Project Overview
This project utilizes the ESP32-S3 AI CAM module and EdgeImpulse to recognize apples and oranges. Through this project, you will learn how to train your own model using EdgeImpulse and deploy it on the ESP32-S3 AI CAM module.
 
- EdgeImpulse Official Website: https://edgeimpulse.com/
- EdgeImpulse Project Link: [https://studio.edgeimpulse.com/public/571380/live
Data Collection
- Burn the "CameraWebServer" example code to the ESP32-S3 AI CAM module.
- Open the serial monitor to check the IP address.
- Access the IP address through a browser on a device within the same local network. Click the “Start” button to view the camera feed.

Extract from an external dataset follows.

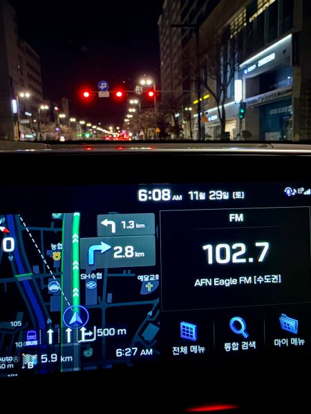 새벽에 5시 40분인가 좀 일찍 일어나서 세수하고 양치하고 옷 입고 그냥 나왔어요.. 응. 어젯밤에 살짝 마시긴 했는데 정말 적당히 조금 마신 터라 숙취도 없었고 말똥말동한 정신에.. 요즘은 차에서 102.7 어메리칸 포스 네트워크 이글 에프엠을 들어서.. 응.. 원래 오퐈 옛날부터 그랬어요.. 옛날 차 가지고 다닐 때부터.. 대학생 때부터.. 응.. 그러다 클래식 듣다가 그런데 요즘에 다시 AFN들어요
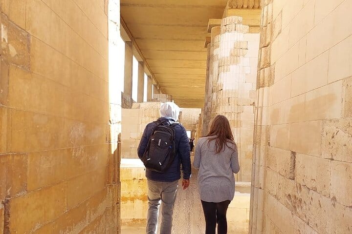 We start With it to understand the development of the Egyptian pyramids , so the first stop at Saqqara will be the Step Pyramid Complex of King Djoser which is 4700 years old , the first Egyptian pyramid ever . Then we will visit the 5th Dynasty Pyramid of King Unas which is inscribed with hieroglyphics from inside , then of Oldest tombs decorated with daily life and funeral ancient scenes 4500 years old . Basic entry ticket included , if you want to enter the step pyramid it require extra ticket .

- Save images to your computer by clicking the upper-right corner of the video frame. (It is recommended to save images of different objects in separate folders for easier data labeling during training.)

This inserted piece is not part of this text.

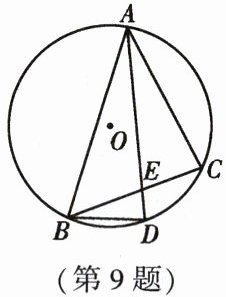 9. 如图,$\odot O是\triangle ABC$的外接圆,已知$AD平分\angle BAC交\odot O于点D$,交$BC边于点E$,$AD = 5$,$BD = 2$,则$DE$的长为(

Note: Collect as much image data as possible to improve model accuracy. For this project, around 50 images of apples and oranges were used.
 
Collected image dataset:
 
Data Labeling
- Create a new project in EdgeImpulse.
 
- Click “Add existing data” to upload collected images.
 
- Select “Upload data” and upload image files. Enter corresponding labels for the images.
 
- In “Data acquisition -> Labeling queue”, mark the object of interest in the images and save.
 
Example: Labeling oranges:
 
Training the Model
- 
Once all data is labeled, navigate to “Impulse design -> Create impulse” to create and save your impulse. 

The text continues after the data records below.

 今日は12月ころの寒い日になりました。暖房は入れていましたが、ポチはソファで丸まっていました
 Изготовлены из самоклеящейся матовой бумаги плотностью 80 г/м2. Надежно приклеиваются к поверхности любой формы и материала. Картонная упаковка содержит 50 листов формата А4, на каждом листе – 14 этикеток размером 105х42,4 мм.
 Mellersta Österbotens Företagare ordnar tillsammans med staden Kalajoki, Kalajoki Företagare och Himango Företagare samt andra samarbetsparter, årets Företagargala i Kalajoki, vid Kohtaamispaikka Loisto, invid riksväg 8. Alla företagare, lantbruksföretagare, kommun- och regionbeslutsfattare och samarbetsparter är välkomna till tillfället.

 Processing blocks explanation: EdgeImpulse Documentation
  
- 
Go to the “image” page and click “Save parameters”. 
  
- 
Navigate to the “Generate features” page and click “Generate features” to extract image features. 
  
- 
Go to “Object detection”, then click “Save & train” to train the model. 
  
- 
Once training is complete, review model performance. Adjust parameters and retrain if necessary. 
  
- 
Go to the "Retrain model" page and click "Train model" 
  
Deploying the Model
Here's the English translation of the steps:
- 
Extract the trained model files into the "libraries" folder of your Arduino installation directory. 
- 
Download the files: 【conv.cpp】, 【depthwise_conv.cpp】, and the 【edge_camera】 folder. 
- 
Copy the downloaded conv.cpp and depthwise_conv.cpp files into your trained model's folder, replacing existing files if prompted. 
- Path: Your_Trained_Model_Folder\src\edge-impulse-sdk\tensorflow\lite\micro\kernels

- Copy the entire 【edge_camera】 folder and paste it into your trained model's directory.
- Path: Your_Trained_Model_Folder\examples

- Open Arduino IDE, locate the 【edge_camera】 example sketch. Replace the header file with your model's header and input your WiFi credentials (SSID and password).

- Compile and upload the sketch. Open the Serial Monitor to view the IP address and classification results. Access the IP via a web browser to see the camera feed.